* [What the task requires] Copy out each line of the material exactly. Pictures do not belong in the copy.

---------- Collected data

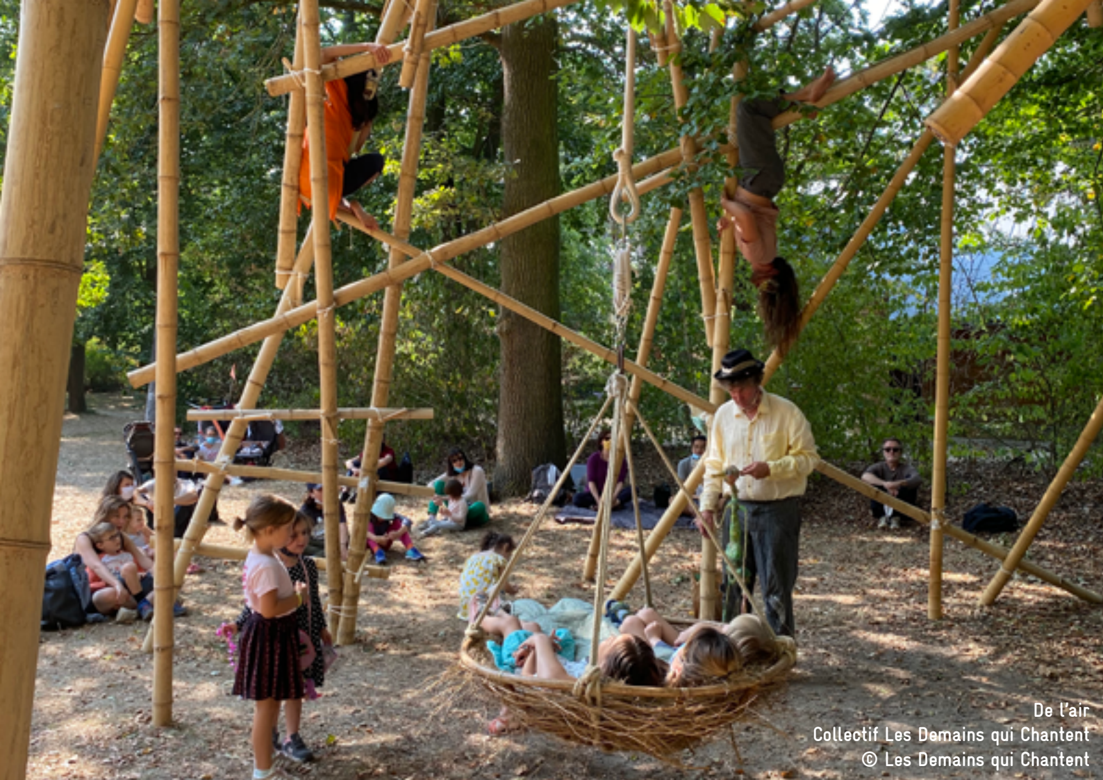
De l'air Collectif Les Demains qui Chantent
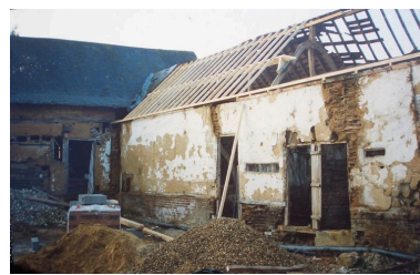
Vue des étables aujourd'hui entièrement reconstruites.
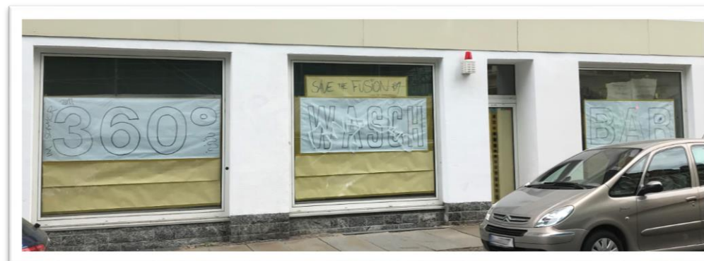
In der Georg-Schwarz-Straße 2 wird mit der „360° Waschbar“ ein Café und Waschsalon entstehen.

--------------------

* [Output of the exercise]
De l'air Collectif Les Demains qui Chantent
Vue des étables aujourd'hui entièrement reconstruites.
In der Georg-Schwarz-Straße 2 wird mit der „360° Waschbar“ ein Café und Waschsalon entstehen.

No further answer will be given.